TASK BRIEF: Write out every record exactly as it appears. Skip the pictures.

Source records:
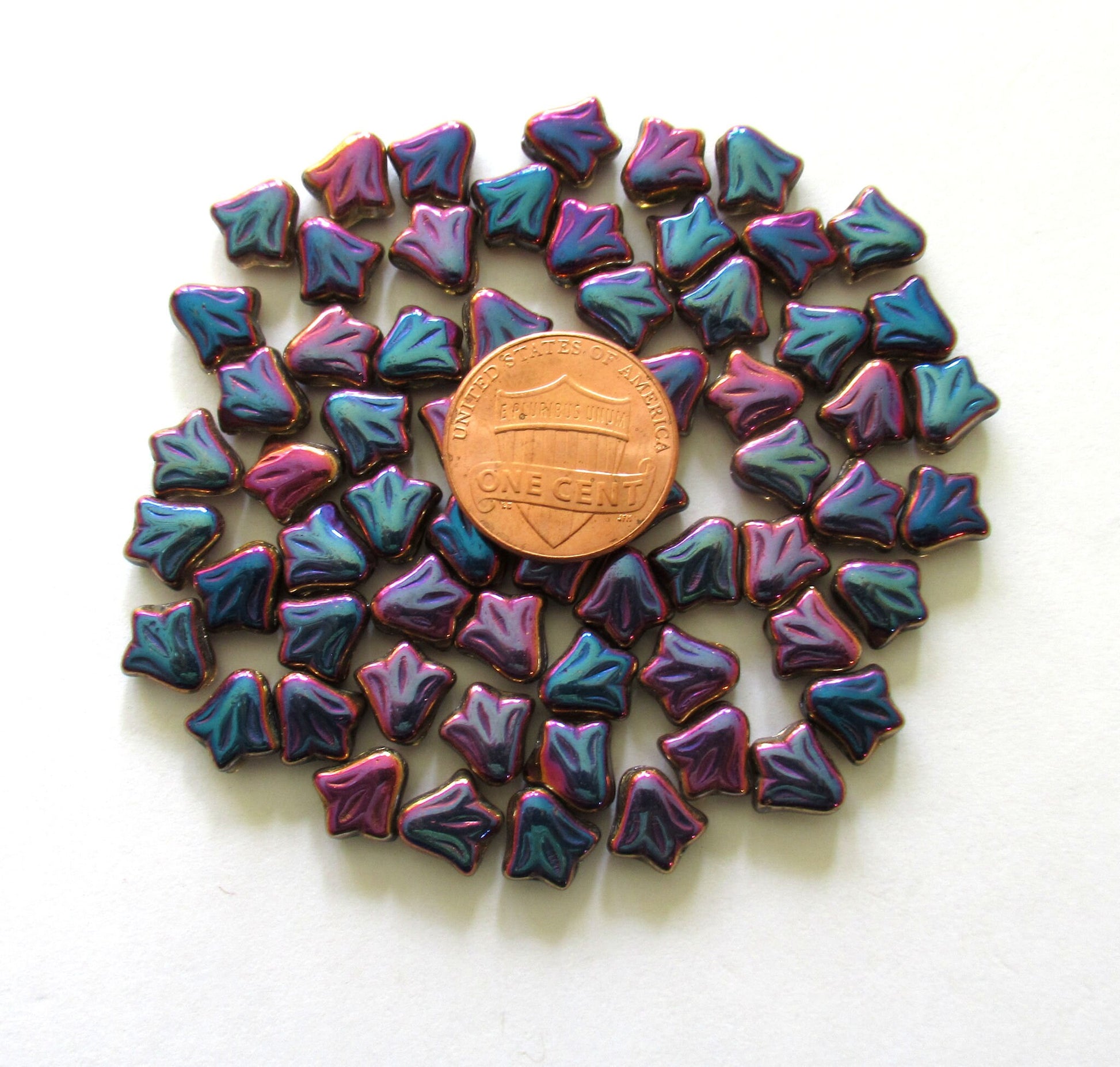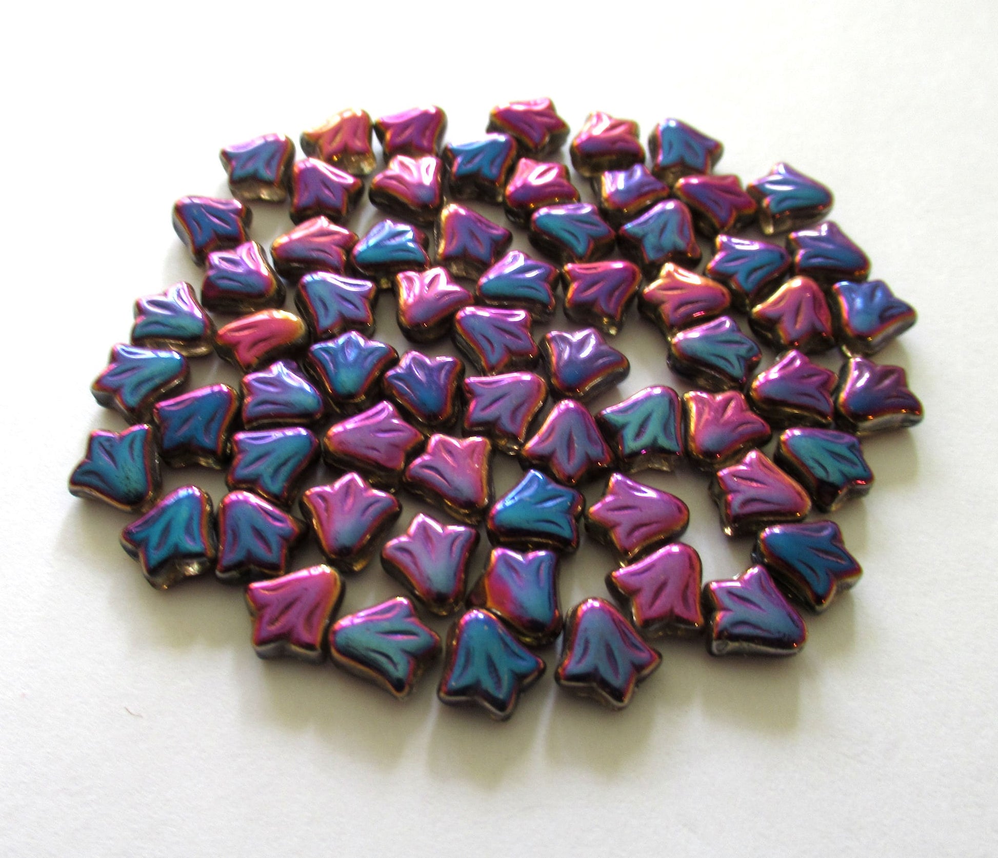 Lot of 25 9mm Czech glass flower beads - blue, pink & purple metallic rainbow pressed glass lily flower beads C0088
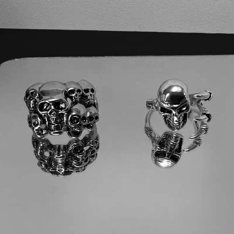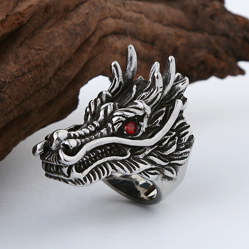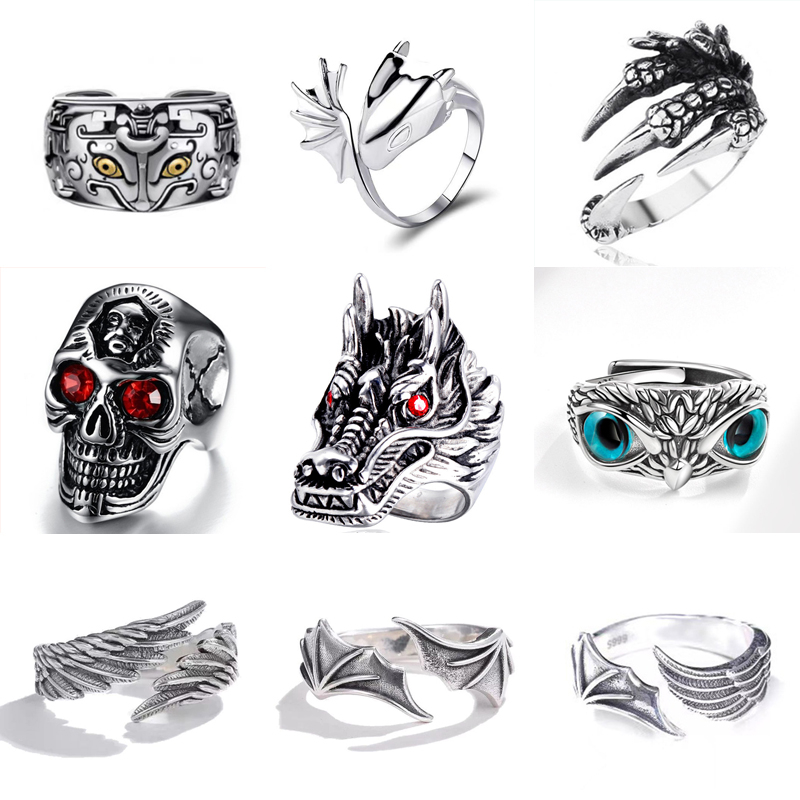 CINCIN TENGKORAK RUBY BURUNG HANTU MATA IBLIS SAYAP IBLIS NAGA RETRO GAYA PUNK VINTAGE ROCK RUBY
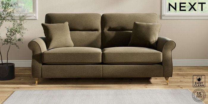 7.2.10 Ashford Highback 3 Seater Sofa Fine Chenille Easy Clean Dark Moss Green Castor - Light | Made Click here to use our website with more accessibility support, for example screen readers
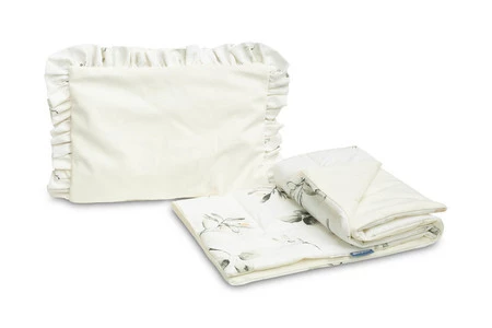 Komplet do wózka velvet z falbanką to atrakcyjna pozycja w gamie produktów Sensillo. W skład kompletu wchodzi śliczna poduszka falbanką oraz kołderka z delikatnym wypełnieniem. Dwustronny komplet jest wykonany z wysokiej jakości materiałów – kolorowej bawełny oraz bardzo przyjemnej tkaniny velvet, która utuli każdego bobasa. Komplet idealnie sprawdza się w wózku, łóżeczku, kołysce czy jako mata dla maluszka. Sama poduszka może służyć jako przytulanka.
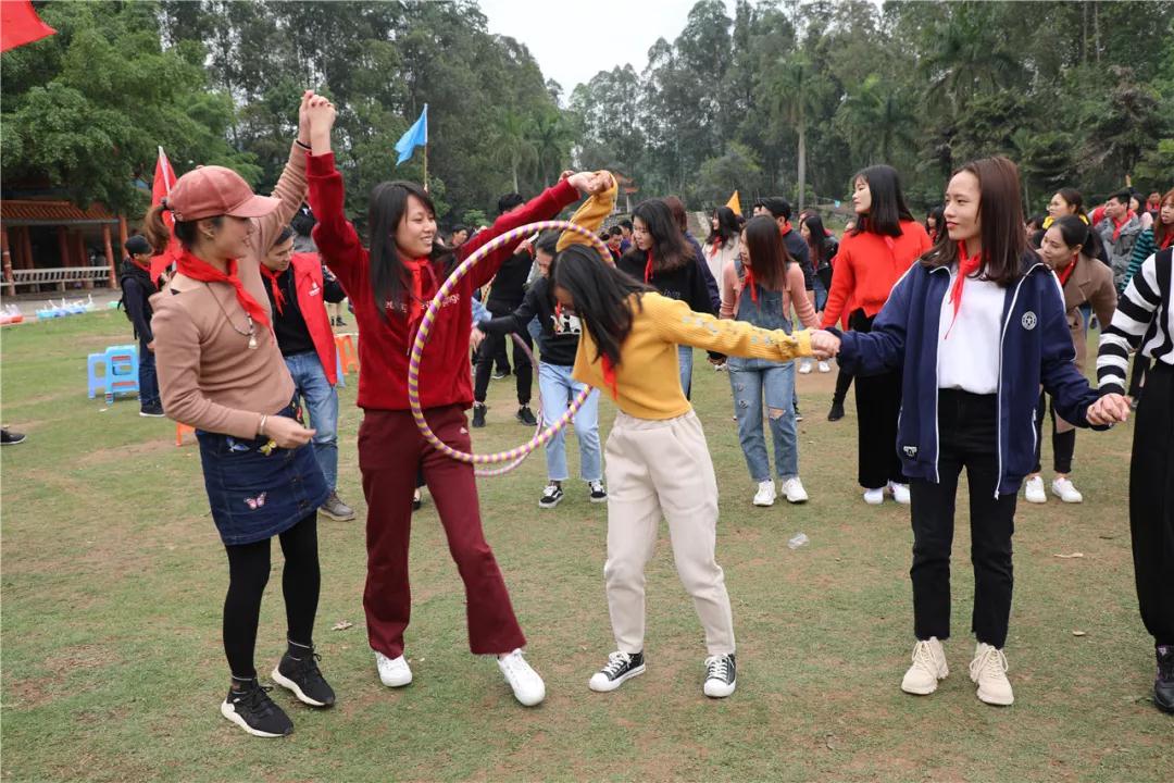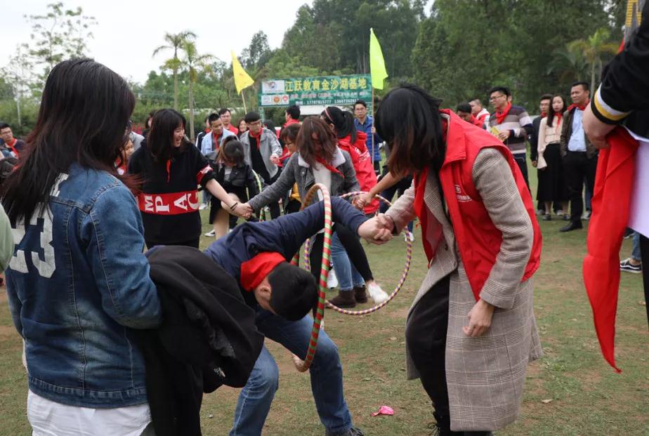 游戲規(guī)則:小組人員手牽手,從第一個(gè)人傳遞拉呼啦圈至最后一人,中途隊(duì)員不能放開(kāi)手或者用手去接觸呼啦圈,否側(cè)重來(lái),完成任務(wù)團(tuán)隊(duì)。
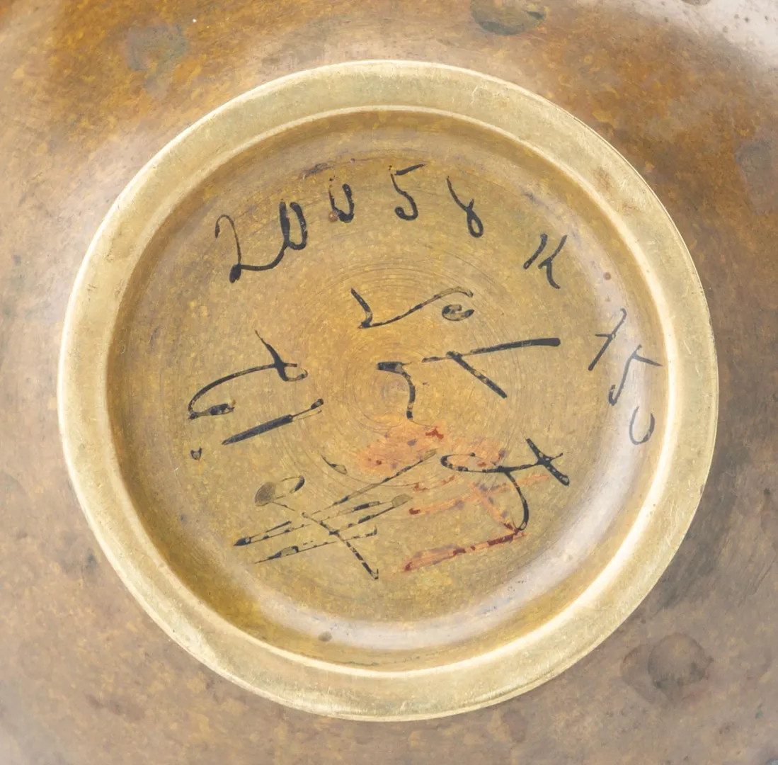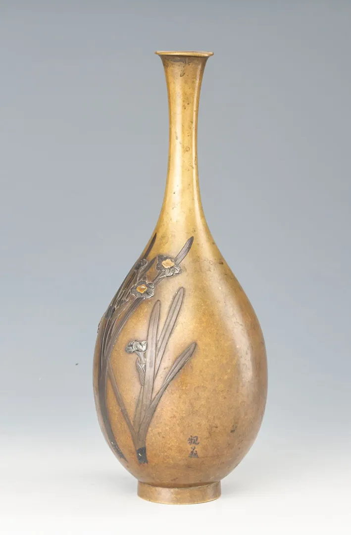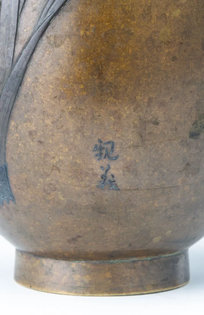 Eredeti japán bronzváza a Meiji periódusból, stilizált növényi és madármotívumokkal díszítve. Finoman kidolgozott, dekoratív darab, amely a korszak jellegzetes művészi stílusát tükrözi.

ANSWER SPACE:
 Lot of 25 9mm Czech glass flower beads - blue, pink & purple metallic rainbow pressed glass lily flower beads C0088
 CINCIN TENGKORAK RUBY BURUNG HANTU MATA IBLIS SAYAP IBLIS NAGA RETRO GAYA PUNK VINTAGE ROCK RUBY
 7.2.10 Ashford Highback 3 Seater Sofa Fine Chenille Easy Clean Dark Moss Green Castor - Light | Made Click here to use our website with more accessibility support, for example screen readers
 Komplet do wózka velvet z falbanką to atrakcyjna pozycja w gamie produktów Sensillo. W skład kompletu wchodzi śliczna poduszka falbanką oraz kołderka z delikatnym wypełnieniem. Dwustronny komplet jest wykonany z wysokiej jakości materiałów – kolorowej bawełny oraz bardzo przyjemnej tkaniny velvet, która utuli każdego bobasa. Komplet idealnie sprawdza się w wózku, łóżeczku, kołysce czy jako mata dla maluszka. Sama poduszka może służyć jako przytulanka.
 游戲規(guī)則:小組人員手牽手,從第一個(gè)人傳遞拉呼啦圈至最后一人,中途隊(duì)員不能放開(kāi)手或者用手去接觸呼啦圈,否側(cè)重來(lái),完成任務(wù)團(tuán)隊(duì)。
 Eredeti japán bronzváza a Meiji periódusból, stilizált növényi és madármotívumokkal díszítve. Finoman kidolgozott, dekoratív darab, amely a korszak jellegzetes művészi stílusát tükrözi.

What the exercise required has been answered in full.